Richard Lemen, former U.S. assistant surgeon general and deputy director of the National Institute for Occupational Safety and Health, has expressed concern that financial conflicts are creeping into research even at highly regarded organizations like IARC. He received a response letter this month from the agency's director, suggesting the IARC would consider Lemen's warnings about asbestos industry ties among collaborators on an asbestos study in Russia -- the largest producer of the insulation fiber in the world -- and a published paper, submitted by IARC and co-authored by Boffetta, that was favorable to the product. In the paper, the authors state that they had "no conflict of interest."

While working on that paper, noted Ruff of the Rideau Institute, Boffetta was being paid by an asbestos company to help it defeat charges of criminal negligence in the mesothelioma deaths of a dozen workers.

Lemen suggested Boffetta's case is "just the tip of the iceberg." He also referenced the late Patricia Buffler, a renowned children's cancer researcher and former dean at the University of California, Berkeley's School of Public Health.

"She was another good scientist," Lemen said of Buffler, who passed away in September 2013. "But, at the same time, she almost led a double life."

Buffler served on the board of FMC Corporation, a major chemical manufacturer, for 17 years, a fact revealed by David Heath of the Center for Public Integrity in a report published last December. Buffler never disclosed her relationship with FMC, even while doing research on pesticides and herbicides that could have affected the $2 million worth of stock she owned in the company.

Further, in advance testimony she filed for a high-profile lawsuit against former lead paint manufacturers last year, Buffler wrote that "the risk to children from lead-based paint in homes is not probable or imminent." Buffler received more than $360,000 from those companies to work as an expert witness, according to the Center for Public Integrity. She had never actually published on the safety of the neurotoxic heavy metal.

"It became clear that she'd been involved in a number of really key cases where she may have -- we can't say for sure -- undermined public health because of those personal conflicts," said Lanphear, who moderated the mock debate last month and is helping lead the epidemiology association in developing conflict-of-interest guidelines.

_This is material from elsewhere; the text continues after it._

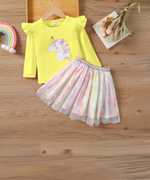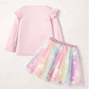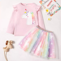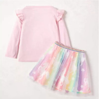 This top and skirt are set to make an ideal gift for birthdays, holidays, or other special occasions. The combination of comfort, style, and charm ensures that this set is a thoughtful and memorable gift that will be cherished by both kids and parents. With its whimsical design and practical features, this set brings joy and happiness to any child's wardrobe.

Also uncertain, according to experts, is the extent to which these conflicts have shaped regulations at the state and federal levels -- from bans on flame retardants in furniture to broader reform of the country's outdated Toxic Substances Control Act.

Still, the issue goes beyond the ethics of individual researchers, Lanphear said. Institutions often encourage industry collaborations, as cuts to public funding of scientific research have left coffers dry.

"I don't think we should never take money," he said. "But we need to be clear and transparent."

"At some point, we have to recognize that as long as we don't distinguish between industry-funded research and independent research, the scientific process will fail us," added Lanphear, referring to the muddling of findings on chemical products such as the plasticizer bisphenol A. "These types of conflicts of interest have the potential to undermine billions of dollars in publicly funded research, and can have dramatic impacts on ongoing exposures that harm and kill people. It's that simple."